There are racist cops, undeniably. There are racist jurists, undoubtedly. And there are disparities in sentencing and enforcement that need to be addressed - most immediately, mandatory minimum sentences meted out in federal courts for crack-cocaine violations.
Yet, just as outrage is growing in black communities about the disproportionate number of young black men sitting in prisons on first-time crack offenses, outrage also is sweeping black communities and others about the devastating effects of the illegal crack trade on neighborhoods - mostly poor, black neighborhoods.
Mothers pulling their little ones out of bed onto the floor at the sound of gunfire; children witnessing violence and death, displaying the signs of traumatic stress syndrome noted in returning Vietnam War veterans; grandparents exhorting their young to resist the lure of the fast life - and, possibly, a fast death - on the street. These are the images that harden society's resolve to fight the crack trade.
Remember Roanoke's late, unlamented "crack alley?" Law-abiding citizens fighting to keep crack houses from destroying the quiet safety of their neighborhoods?
Like so many things born of frustration and anger, the federal minimum sentencing law for crack offenses is extreme. It should be revised, a recommendation made by the nonpartisan U.S. Sentencing Commission and rejected by the Republican Congress and Democratic president.

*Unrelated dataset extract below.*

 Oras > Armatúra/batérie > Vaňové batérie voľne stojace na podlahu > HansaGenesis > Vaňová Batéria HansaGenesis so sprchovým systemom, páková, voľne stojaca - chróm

In politics, neither side dares risk accusations of being soft on crime. But the extreme penalty exacted on crack offenders - a mandatory minimum sentence 100 times greater than the minimum for a pure cocaine arrest - has brought the race card into play in the war on drugs. Crack (powder cocaine cut with baking soda and "cooked" to make it smokeable) is cheap and popular in (black/poor) inner cities. Powder cocaine is favored in (white/affluent) suburbs.
Disparities in sentencing and enforcement - the great majority of federal crack prosecutions are of black men - led first a Los Angeles district court judge and now a federal judge in Norfolk to dismiss drug indictments against black defendants on the basis that the system is biased. The Supreme Court has agreed to hear the Los Angeles case. Congress and the president don't have to wait for the justices to rule, though, to right this wrong.

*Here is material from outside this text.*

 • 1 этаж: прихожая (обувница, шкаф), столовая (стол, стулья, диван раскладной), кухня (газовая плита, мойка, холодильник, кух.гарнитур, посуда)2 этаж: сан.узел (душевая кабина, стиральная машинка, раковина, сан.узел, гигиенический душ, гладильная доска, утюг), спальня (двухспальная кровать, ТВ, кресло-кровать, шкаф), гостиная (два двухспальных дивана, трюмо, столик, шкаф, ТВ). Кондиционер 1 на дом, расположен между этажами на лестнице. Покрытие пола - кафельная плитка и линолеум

Crack is simply cocaine, as critics of the system point out, but it is not just like powder cocaine. It is more addictive because it is smoked, putting it directly into the bloodstream, and its sale and use are associated with violence and street gangs. The sentencing commission suggests sentencing parity for the two drugs, with discretion to add penalties to crack-cocaine arrests depending on the circumstances surrounding the crime. That makes sense. Lawmakers should forget the soundbites and act in the public interest to change this law.
But all of us, meantime, should take heed of two more general phenomena:
First, blacks are disproportionately victims of crime, their neighborhoods disproportionately undermined by drugs. The law-abiding deserve protection; the lawbreakers should find no protection behind a race card.
Second, the war on drugs isn't working. All segments of our society must come together to rethink drug policy, to begin shifting the paradigm for addressing this epidemic from crime to health, from arresting people to rebuilding communities.